Alzheimer’s Disease (AD) has been a topic of extensive research over the past three decades. The main focus of many studies has been the neurotoxicity associated with the accumulation of insoluble proteinaceous complexes in the brain. Closer examination has revealed these complexes to be plaques formed due to aggregation of small fragments of beta-amyloid peptides, which are proteolytic derivatives of a precursor protein APP (as a result of sequential action of two enzymes).
It has been known that beta-amyloid hyperactivated neurons led to neurotoxicity. However, a recent study published in Nature has shown that this was only one side of the story as far as pathogenesis of AD was concerned, shedding light on a new protein fragment characterized and called amyloid-η (eta-amyloid).
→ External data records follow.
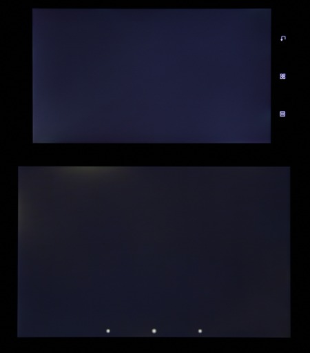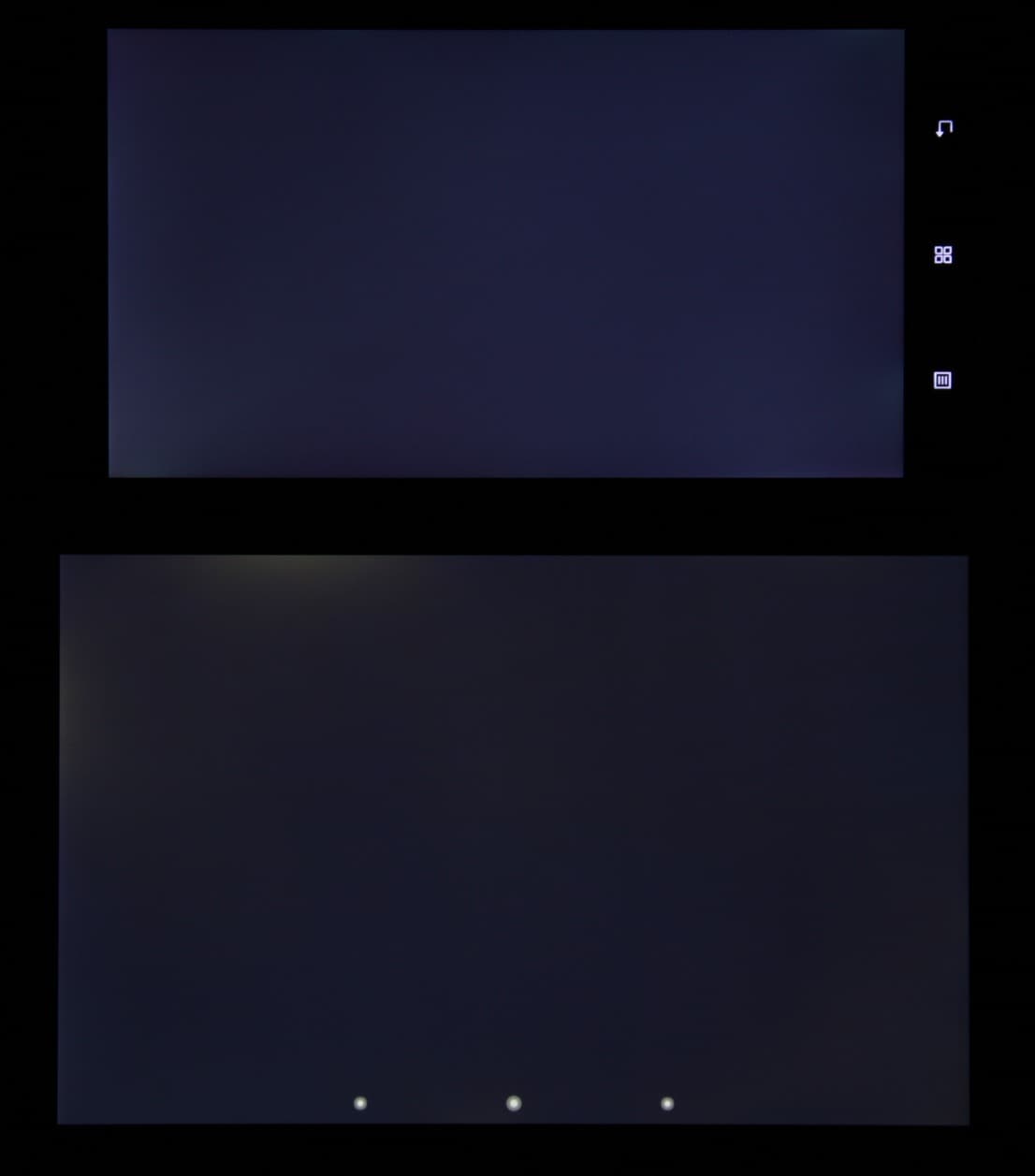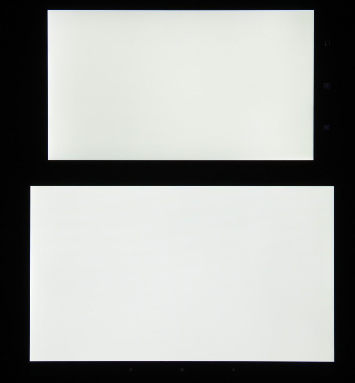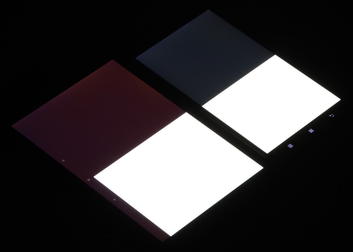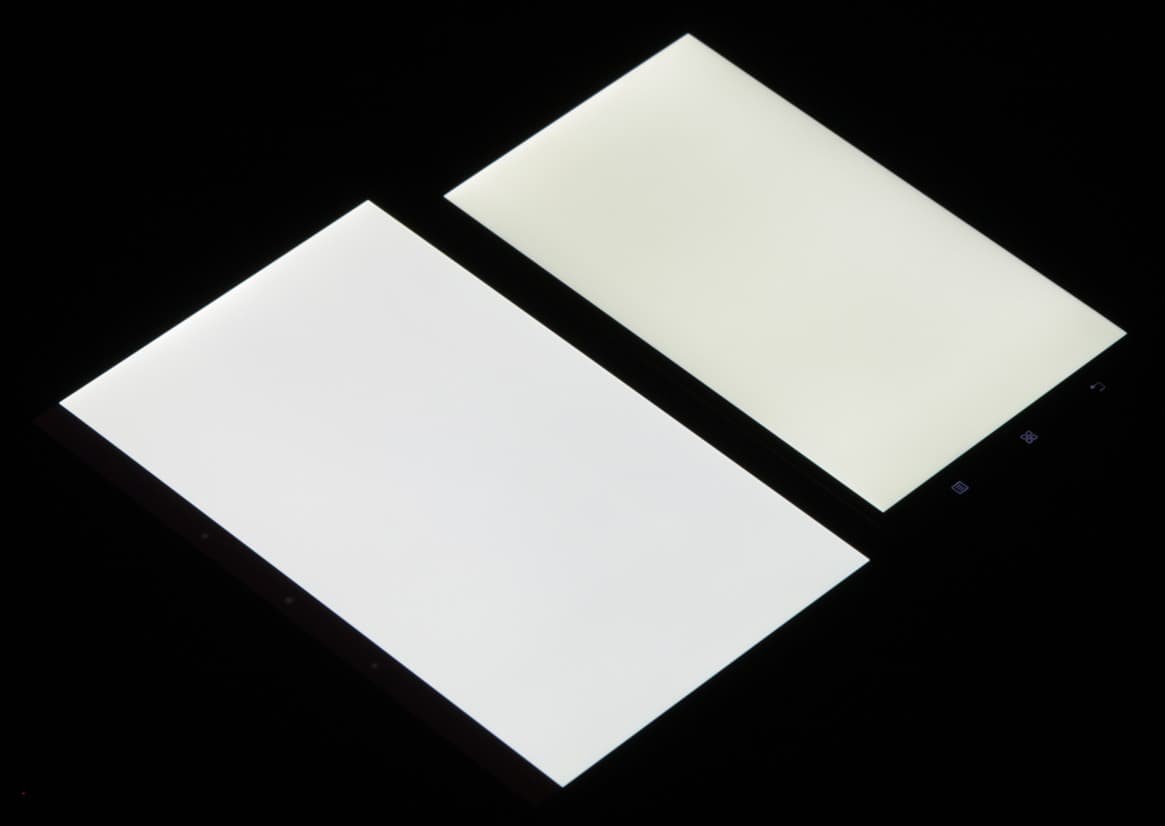 Экран имеет хорошие углы обзора без значительного сдвига цветов даже при больших отклонениях взгляда от перпендикуляра к экрану и без инвертирования оттенков. Для сравнения приведем фотографии, на которых на экраны Lenovo VIBE Z2 Pro и Nexus 7 выведены одинаковые изображения, при этом яркость экранов изначально установлена примерно на 200 кд/м² (по белому полю во весь экран), а цветовой баланс на фотоаппарате принудительно переключен на 6500 К. Перпендикулярно к экранам белое поле:
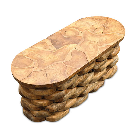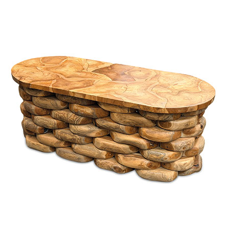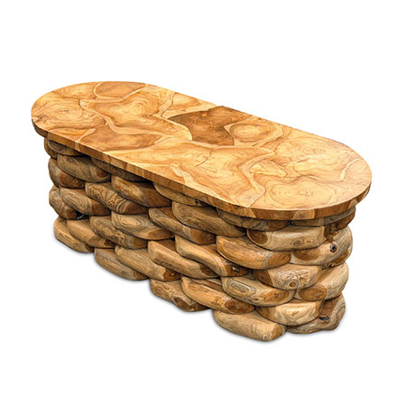 Our unique rootform range of furniture features individually hand-carved smooth teak root pieces layered to create a weave effect pattern, topped with a hand-carved slab of teak root. Strikingly original, versatile and wonderfully tactile.
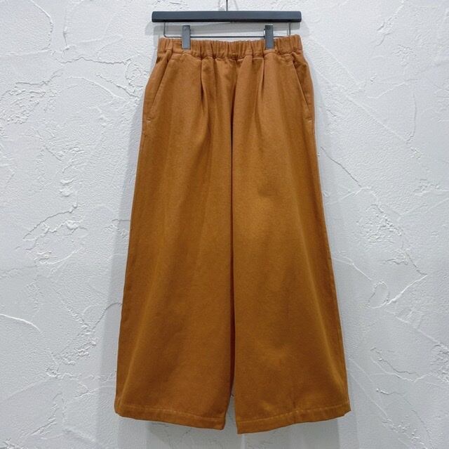 甘燃りを使用したルーズチノパンツです。 落ち感もある適度な肉厚素材で、履き心地良いです。 ウエストALLゴム、裏地なし。 両サイド、後ろ片側ポケットあり。 カラー オレンジブラウンのみ 素材 コットン100% サイズ size2のみ 着丈88cm ウエスト68~cm(総ゴム仕様) ヒップ110cm (モデル身長 160cm) 日本製
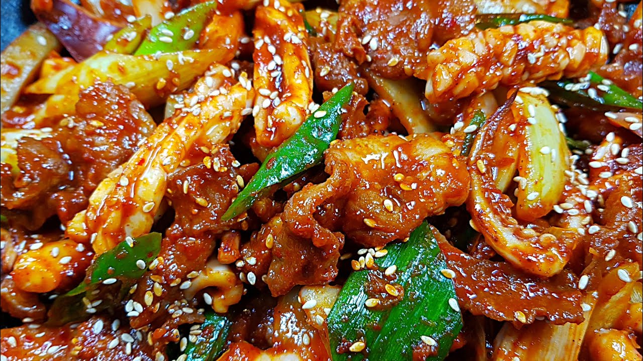 - 고추장만 사용하면 국물이 끈적하고 무거워집니다. 고춧가루와 고추장의 비율을 $2:1$ 정도로 섞어보세요. 여기에 감칠맛을 폭발시키는 비밀 병기인 굴소스를 살짝 추가하면 밖에서 사 먹는 전문점 못지않은 풍미가 살아납니다. 다진 마늘은 아끼지 말고 듬뿍 넣어주어야 고기의 잡내를 완벽히 잡으면서 한국인 입맛에 딱 맞는 매콤한 양념장이 완성됩니다.

The research was conducted by an international team of researchers led by Christian Haass (Professor of Metabolic Biochemistry at LMU and Speaker for the German Center for Neurodegenerative Diseases in Munich) and Dr. Michael Willem (LMU), in collaboration with neurobiologist Dr. Hélène Marie based at the IPMC-CNRS in Valbonne (France) and with the local colleagues from the Technical University of Munich (TUM) in the Synergy Excellence Cluster (Professor Arthur Konnerth and Dr. Marc Aurel Busche).
Analysis of the functions of this newly characterized protein showed it acted as an antagonist when it came to beta-amyloid and its hyperactivity. In Dr. Haass’s words, “The processing pathway that produces it (eta-amyloid) has been overlooked for 30 years. This is because investigators including myself have focused their attention on elucidating the origins of the beta-amyloid and on attempts to cure Alzheimer’s by inhibiting production of this peptide. So here we have two small peptides snipped from the same precursor protein, which have opposite effects on neuronal activity, and whose actions must normally be carefully balanced.”
The findings of this study have had strong implications on all ongoing and upcoming clinical trials scheduled, all of which revolve around beta-amyloid. One such trial, designed to ascertain if the pharmacological inhibition of beta-secretase (the proteolytic enzyme that initiates the release of the toxic beta-amyloid from APP) can reduce memory loss in patients with Alzheimer’s, saw Dr. Haass and his colleagues conclude that blocking of beta-secretase did reduce the amount of beta-amyoid produced. However, it was also accompanied by a substantial increase in the amount of eta-amyloid secreted. Dr. Haass suggested this could result in unwanted and compromised brain function.
Based on these data, the authors advise that researchers should be on the lookout for any adverse side-effects related to the secretion of both these proteins during clinical trials.